There is more to the story however.
This past week, Professor Don Boudreaux spoke to a Cato University audience about the fallacies of this Keynesian conclusion and the progress our society has experienced thanks to the spirit of competition and innovation, not in spite of it.
Boudreaux spoke of the impressive increases in productivity the US economy has experienced, information that Reich fails to mention. He noted that real manufacturing per worker has steadily risen since the 1950s, as manufacturing output in the US has also increased while the percentage of manufacturing in GDP has decreased, from 25% to 18%, His colleague, Mark Perry, defends this argument in his blog.
It is evident that economic improvements have come from capitalism and freedom to invent in the world around us. Just think about modern conveniences that we use daily— smart phones, HD flat screen TVs, laptops, home appliances. These things have improved AND become cheaper since the 70s. So while manufacturing jobs may be going overseas, the manufacturing industry in the US is not in decline.

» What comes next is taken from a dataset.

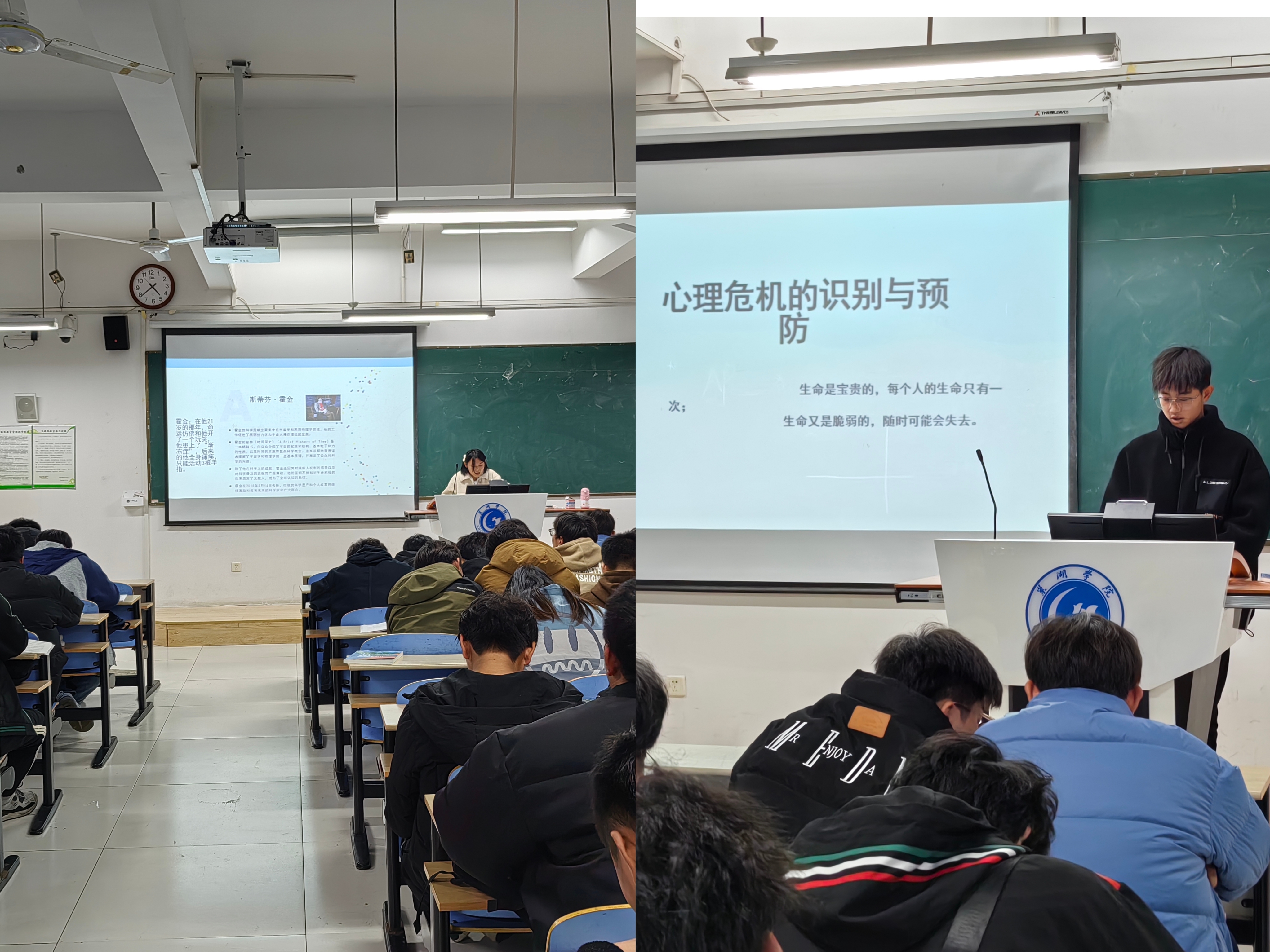 生命短暂而美好,生命多彩而绚丽。在心理危机方面,同学们以生命的脆弱和珍贵性为切入点,从“感悟生命、敬畏生命、珍爱生命、善待生命”等方面,将“珍爱生命”的主题,让大家切身体会到生命的脆弱和可贵。以霍金的故事鼓励同学们在遇到挫折磨难的时候,应及时进行自我的危机干预,将对生命的珍爱当做一种责任。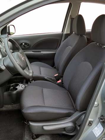 | O volante enviesado não contribui para a posição do motorista no March, mas seu banco traseiro é mais espaçoso em todas as dimensões |

Professor Boudreaux also discussed the change in the work force in our country and in the world. Millions of manufacturing jobs and construction jobs were lost in this recession, and many are unlikely to return. Service sector jobs are showing growth, across various industries, including engineering, health care and the financial industry, and this is proving to be the direction of the job growth in the future.
Boudreaux concluded by saying that worrying about unequal income distribution is a fancy way to turn envy into social policy. Our country seems to favor punishing people for being entrepreneurial and successful and rewarding those who fail to provide for themselves. Milton Friedman once said, “If you pay people not to work and tax them when they do, don’t be surprised if you get unemployment.” In a time when the country desperately needs job growth, we seem to favor more state intervention. The direction that our country is headed does little to produce real growth among individuals, and a great deal to increase the state dependency.